• **TASK GOAL**
Everything from the line holding "Фактическая максимальная температура" through the last line of the data, and nothing else, should be retyped exactly, with no pictures.

• **DATASET EXTRACT**

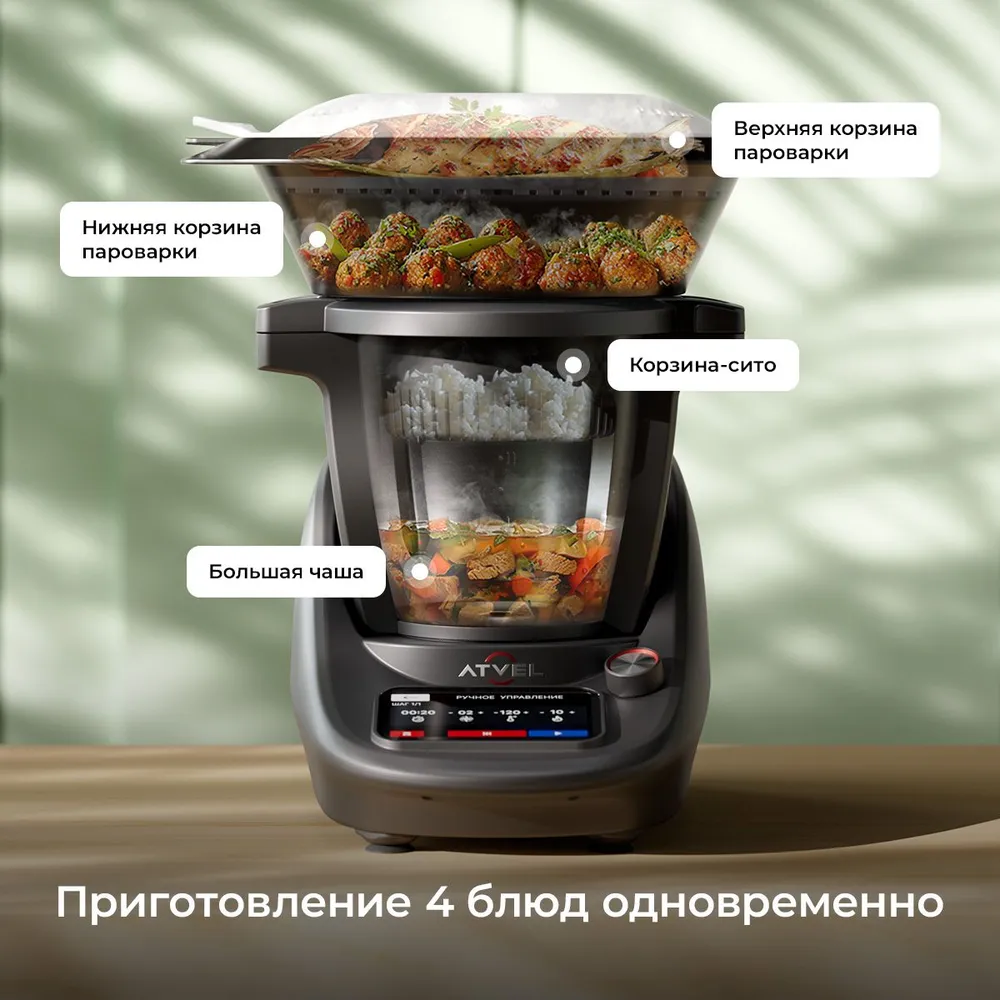 Программы приготовления: Варка, Поддержание тепла, Тушение, Разогрев, Подогрев, Йогурт, Суп, Приготовление на пару, Каша
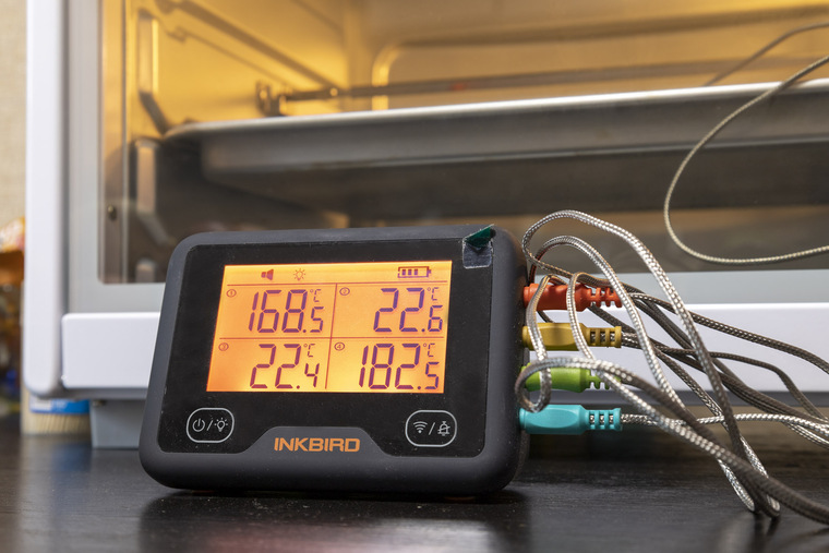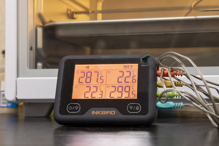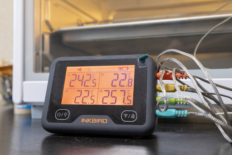 Фактическая максимальная температура в камере при верхнем и нижнем нагреве постепенно подбирается к 300°C и даже превышает эту отметку. Для тестов использовались два термощупа, находящихся на противне в середине камеры.
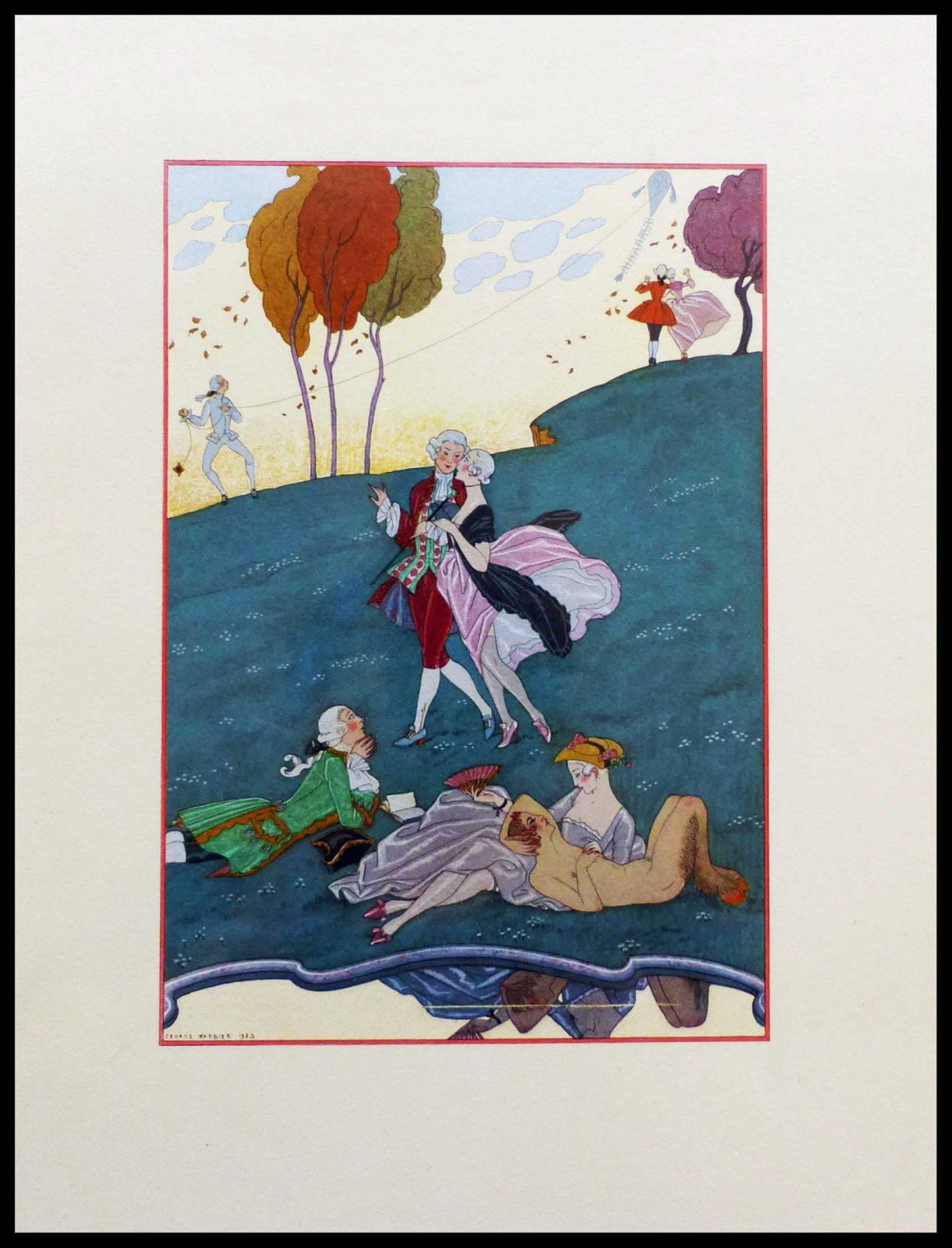 Georges Barbier – Original lithography Pochoir – scène bucolique – 1928
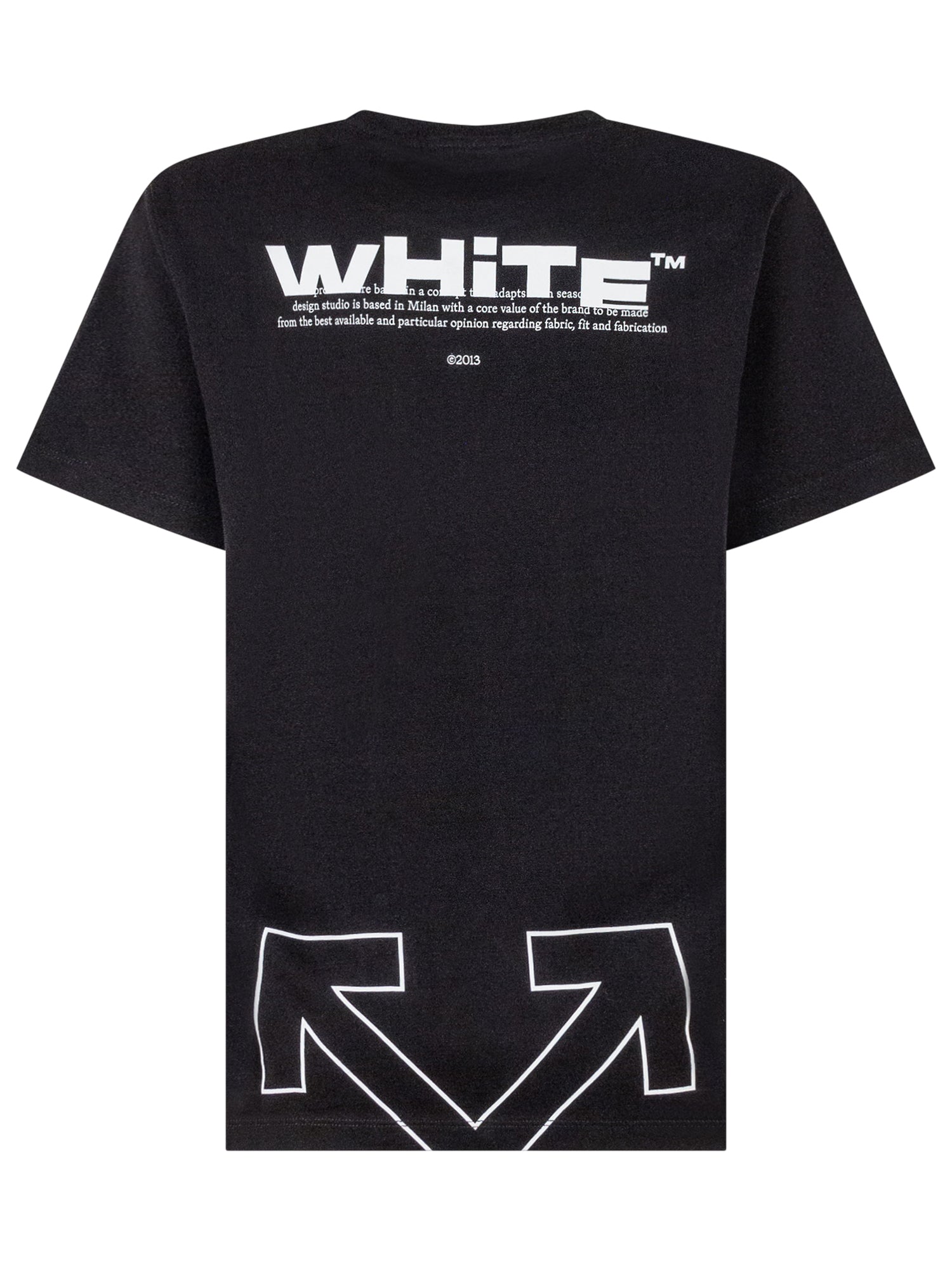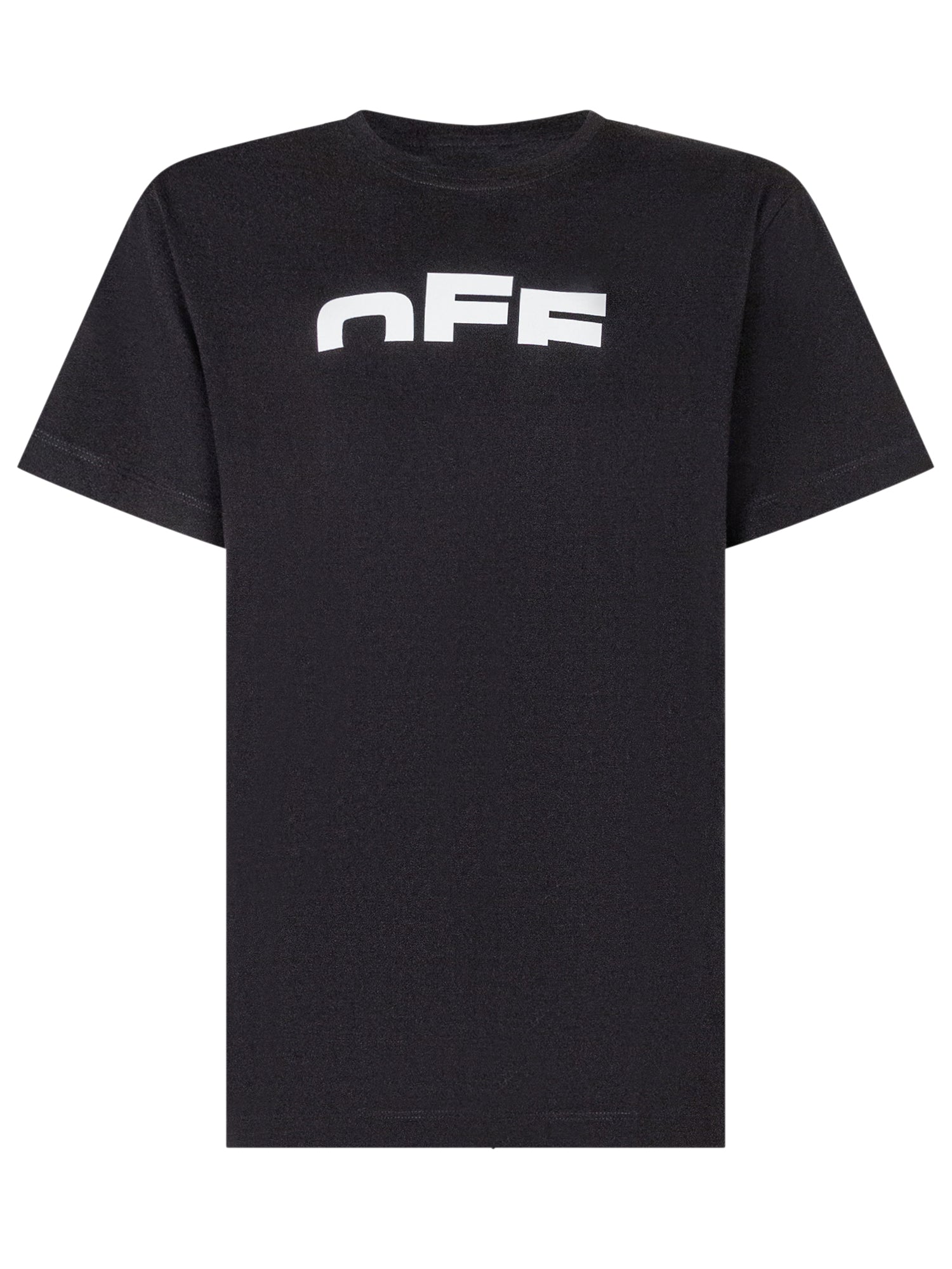 T-shirt nera in cotone firmata Off-White Kids, con logo bianco stampato sul fronte e frecce iconiche sul retro.

• **ANSWER SPACE**
 Фактическая максимальная температура в камере при верхнем и нижнем нагреве постепенно подбирается к 300°C и даже превышает эту отметку. Для тестов использовались два термощупа, находящихся на противне в середине камеры.
 Georges Barbier – Original lithography Pochoir – scène bucolique – 1928
 T-shirt nera in cotone firmata Off-White Kids, con logo bianco stampato sul fronte e frecce iconiche sul retro.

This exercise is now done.